INFORMATION SHOWN:
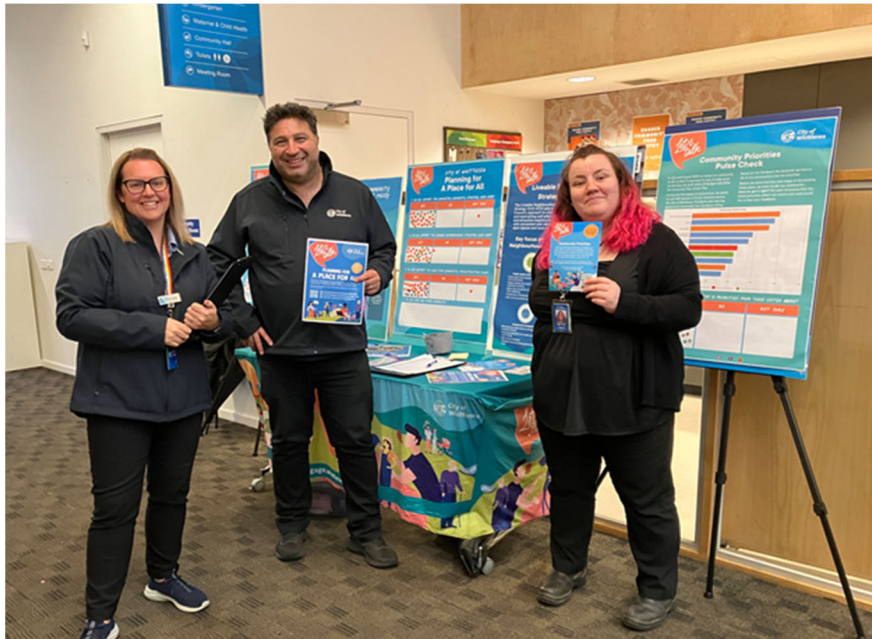
Above: Project team engaging at the Mernda Village Community Activity Centre.

The seven community-based pop-ups held were:
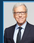
Pierre Bruneau PIERRE BRUNEAU Spokesperson, Director and Founding Member Fondation Charles-Bruneau

Today, we're able to showcase our achievements over the past year thanks in no small part to the continued trust and belief that each and every one of you placed in the Fondation Charles-Bruneau. From the bottom of my heart, thank you.
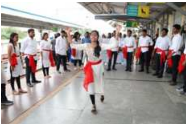
Street Play in Vijayapura Railway Station by Students
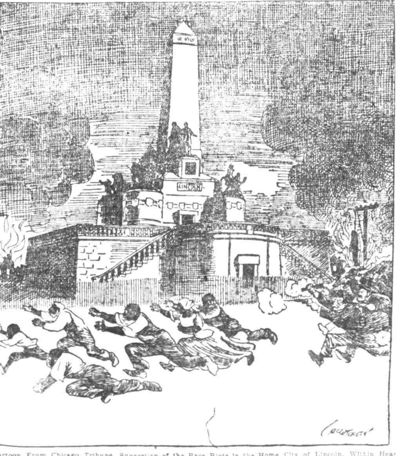
Cartoon From Chicago Tribune, Suggestive of the Race Riots in the Home City of Lincoln, Within Hearing of His Tomb.
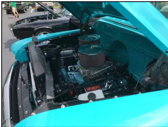
GMC Looking Good at The Dells
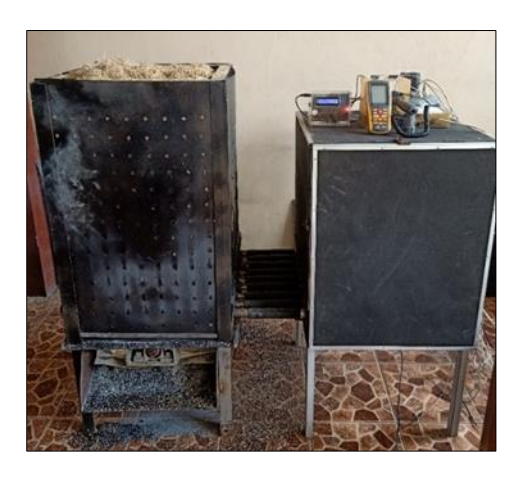
Figure 1 Model of rice husk energy conversion into thermal [19]

Energy conversion can be used to replace the direct combustion of biomass including rice husks. Direct burning of biomass is an easy and inexpensive way. Direct combustion is one of the main characteristics of biomass which makes it suitable as an energy source for converting plant waste into electricity [17] or direct combustion of biomass in boilers to generate heat at a residential level [18]. However, direct combustion has an impact on food, the environment as well as facilities and equipment. As an alternative, it can be used through the process of converting biomass into thermal. Energy conversion is carried out specifically for application to small farmers by utilizing furnaces and heat exchangers. This method has a significant impact on the increase in temperature and drying time of foodstuffs. In addition, in terms of feasibility, it gives satisfactory results. As in the research results [19, 20] which are presented in Figures 1 and 2.
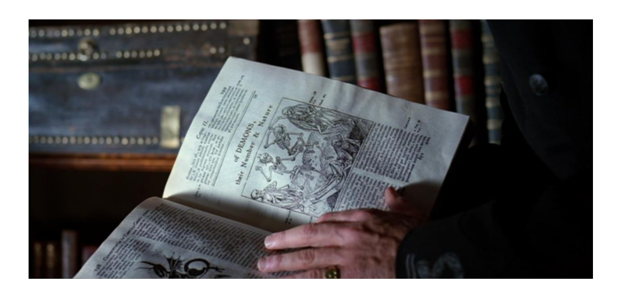
Fig. 2.1 Hamlet's library of supernatural tomes.

As the scene progresses the uncanny robotic stillness of the Ghost is exchanged for more traditional imagery of supernatural horror as Hamlet races through a gothic forest. With smoke rising from the ground, the setting accords with the Ghost's own conceptualisation of hell as 'sulph'rous and tormenting flames' (1.5.736), but also Hamlet's account of 'this witching time of night' as being when 'hell itself breathes out' (3.2.358-9). The Ghost's first seven lines in the scene are then delivered through a disembodied voice with reverberation and distortions placed on the words to further distance the sense of the Ghost having an identifiably human — or once human — form. The Ghost's true existence as a purgatorial spirit would have been anathema to the Protestant Hamlet and the film plays upon this knowledge to offer alternate explanations of what the figure of Hamlet Sr. is, building dramatic tension by delaying the moment of revelation.<sup>53</sup>
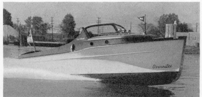
24'6" GAR WOOD OVERNITER
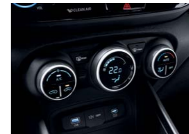
Full auto air conditioning system
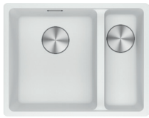
MRG160-34/15 SBR PW
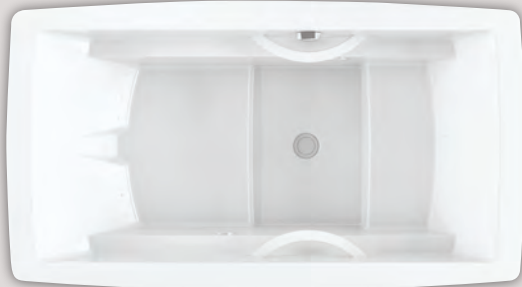
ESSENCIA 6838 (FREESTANDING)
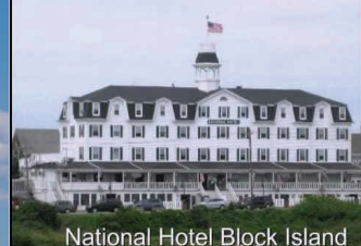
National Hotel Block Island

EXERCISE DIRECTIONS: Tally the lines in the records above that contain the word "Charles". Write the number and nothing else.

RESPONSE BOX: 2